3 bd · 2.0 ba ·
1,201 sqft ·
Built 2024
· Land
· Pending
· 2 DOM
Cashflow @ list (25.0% down · 7.5%)
Estimated rent
$1,938/mo
Mortgage (P&I)
−$1,180
Tax + insurance
−$139
HOA
−$0
Vac / Maint / Mgmt
−$407
Net cashflow
$212/mo
Annual
$2,545/yr
Cap rate
7.42%
Cash-on-cash
4.04%
DSCR
1.18
1% rule
0.86%
Cash to close
$63,000
Investor read
This is a 3-bed/2.0-bath land listed at $225k.
At list price, monthly cash flow is $212 ($3k/yr) — positive.
The deal already cash-flows at list — no discount required.
To meet the 1% rule (rent ≥ 1% of price), the offer needs to be $194k (13.9% below list).
Only 2 days on market — expect competitive offers; lowballing is unlikely to land.
Recommended offer: $194k (13.9% below list) — sets the bar for 1% rule.
Local home prices are declining (-3.0%/yr); year-one equity from $2k of loan paydown is wiped out by about $7k of value loss. Plan a longer hold.
Location reads 69/100 on livability (#476 in FL) — a middle-class / working-renter tenant base. Strengths: cost of living A+, housing A+, health & safety A+; Watch: crime F, amenities F, commute F.

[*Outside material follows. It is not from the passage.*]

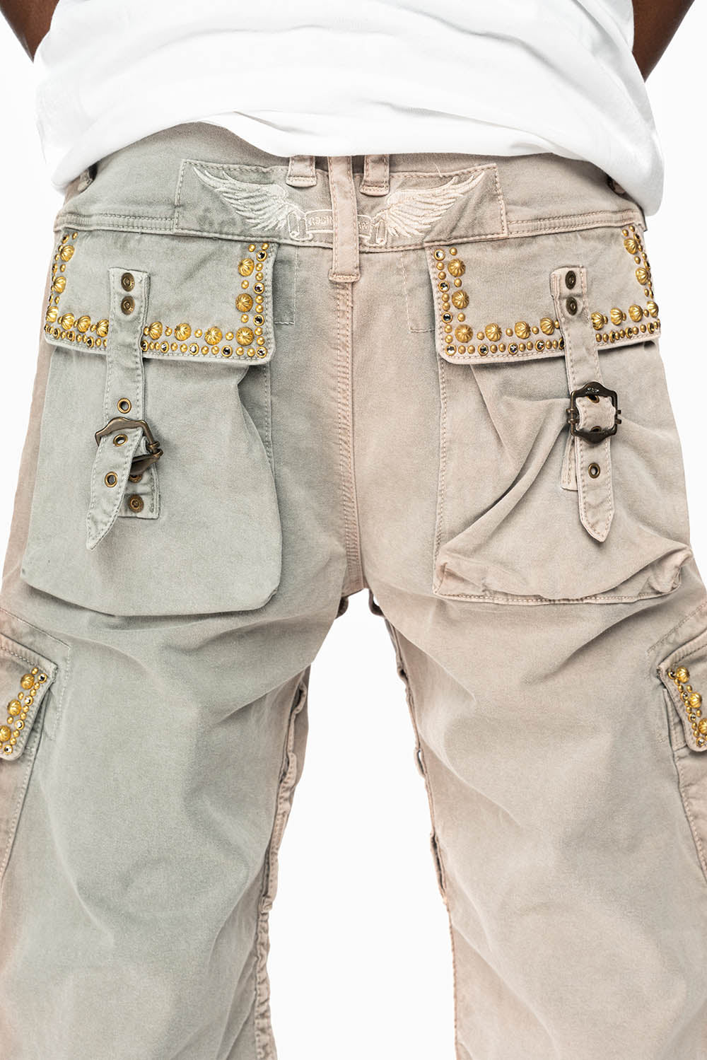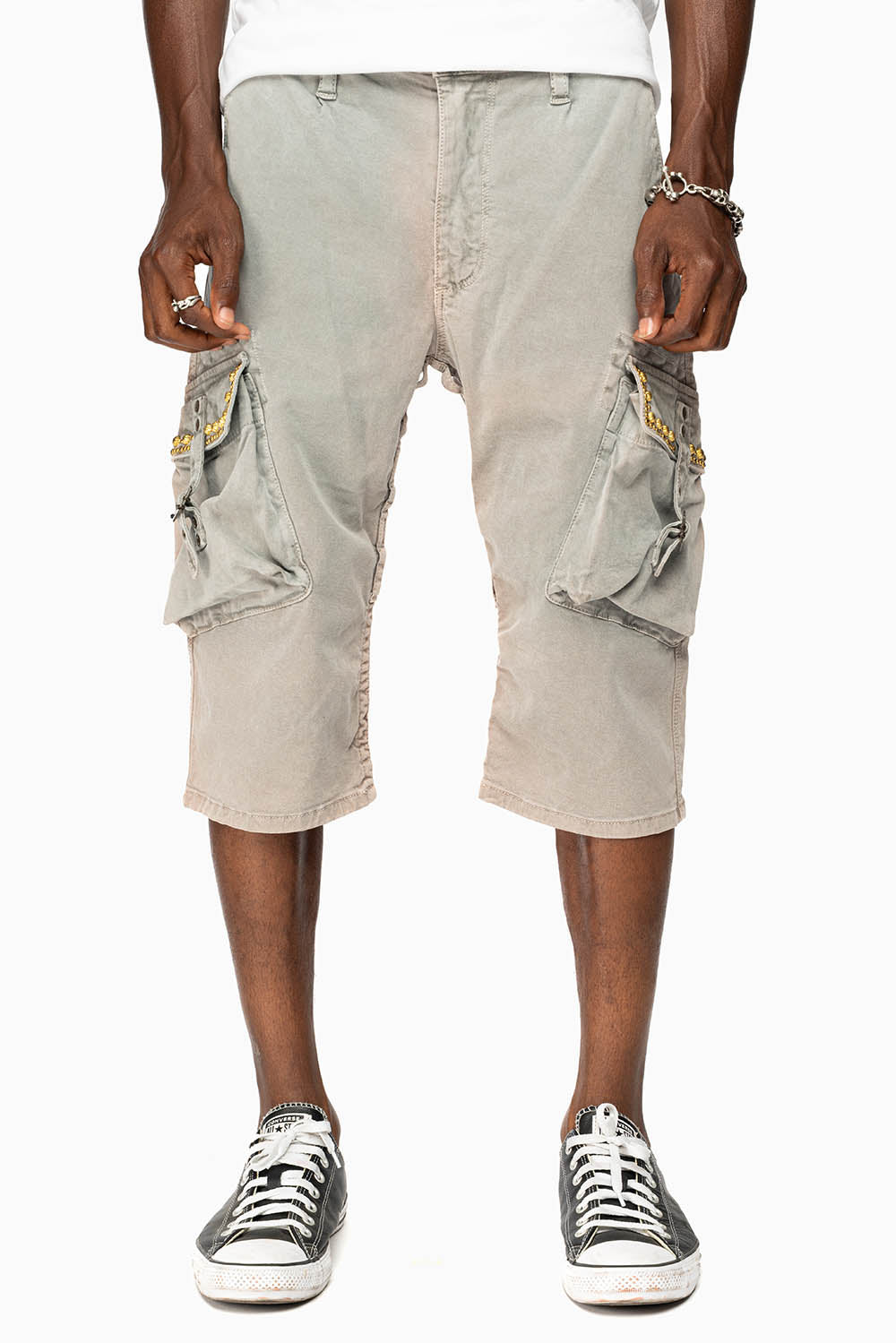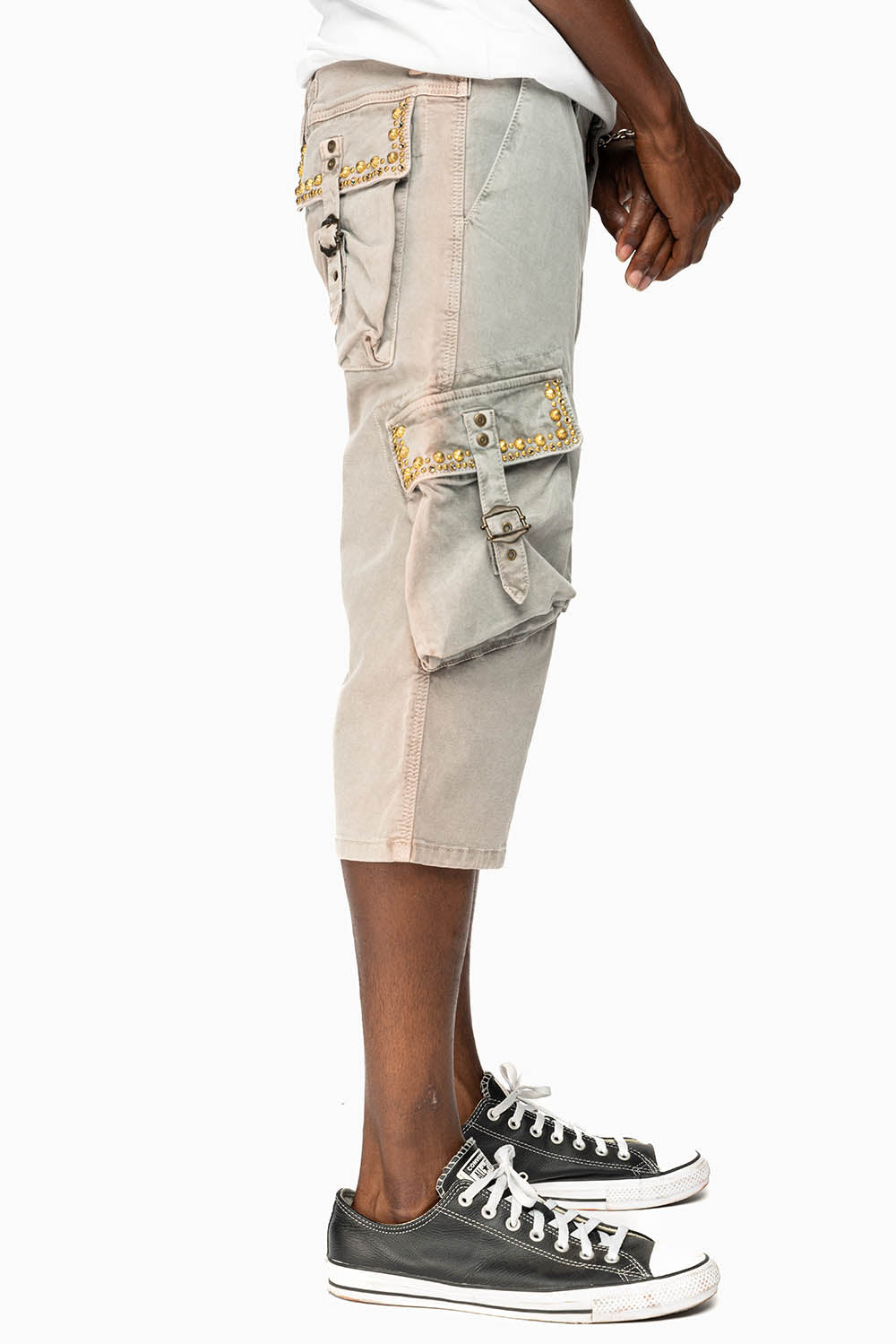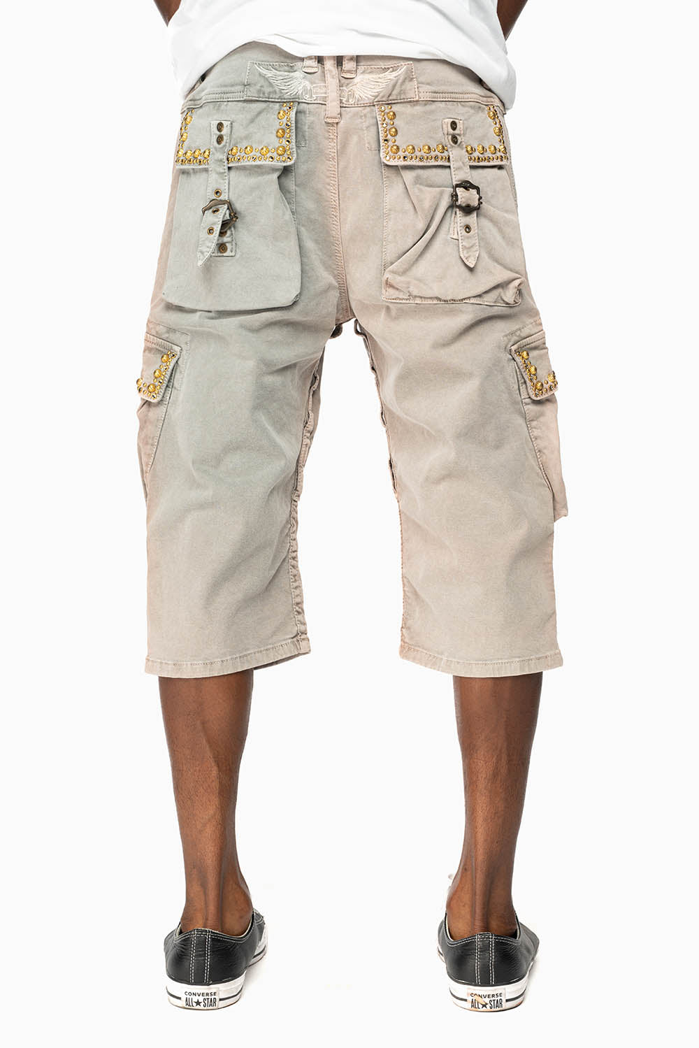 MEN'S MILITARY CARGO SHORTS WITH STUDS AND CRYSTALS IN CEMENT WASH

Marion (rural): math 42% / reading 43% proficiency, ranked #61 of 73 in FL (top 84%) — families likely to look elsewhere, expect single-tenant / working-renter base with shorter leases; 61% free/reduced lunch — lower-income household profile, screen leases tightly.
Zoned schools: College Park Elementary School (math 46% / reading 37%, grade F, #1,437 of 2,144 statewide, top 68%, 840 students, 78% FRL); West Port High School (math 34% / reading 52%, grade F, #255 of 667 statewide, top 39%, 2,906 students, 52% FRL) — zoned schools at 65% FRL track the district average.
Market conditions: Rents rising fast (+11.1%/yr); 663 active listings in the ZIP; 15 comparable units currently listed for rent nearby; rentals at typical pace (median 21d on market — plan ~3-4 weeks tenant-placement turnaround); 7,071 units permitted in Marion County in 2024 (534 in 5+ unit buildings).
Marion County population projected at +13% by 2050 — modest demand growth; plan on rents tracking national, not racing it.
At projected returns (-3.0% appreciation + 8.0% rent growth), your $63k cash investment doubles in ~10 years — after that, you're playing with house money.
Climate carrying-cost: severe wind risk, 99% chance of damaging wind over 30y; extreme-heat days projected 7→22/yr by 2055 (HVAC capex compounding) — expect insurance premiums to compound above CPI over the hold.
Cap rate 7.4% vs local median 4.2% in Ocala — top-decile yield for the area; either an underpriced asset or a hidden risk that comps aren't pricing in. Stress-test before assuming the spread holds.
This rent runs 35% of the median local income ($66k/yr) — at the standard rent-burdened threshold; future hikes will face affordability resistance.
Questions for listing agent
Is there a deadline driving the sale (1031 exchange, divorce, estate, relocation)? That informs how much negotiation room exists.
Crime grade is F in this area — have there been break-ins, vandalism, or insurance claims at this property in the last 3 years? What carrier currently insures it and at what premium?
The area grade is low — what's the realistic commute time and amenity access for the typical tenant pool here? Any planned neighborhood developments (good or bad) we should know about?
What's the average days-on-market for RENTAL listings here right now (not sales)? A rising rental-DOM trend means longer vacancies and softer asking-rent achievability than the comps imply.
What's the recent tenant-quality profile in this submarket — average credit score on applications, eviction rate, late-payment / NSF rate, and stable-employment percentage? A property-management company in the area should have these aggregated.
How much new for-sale + rental construction is in the pipeline within 1–3 miles? Heavy new supply typically softens prices + rents 12–24 months out; constrained supply supports both.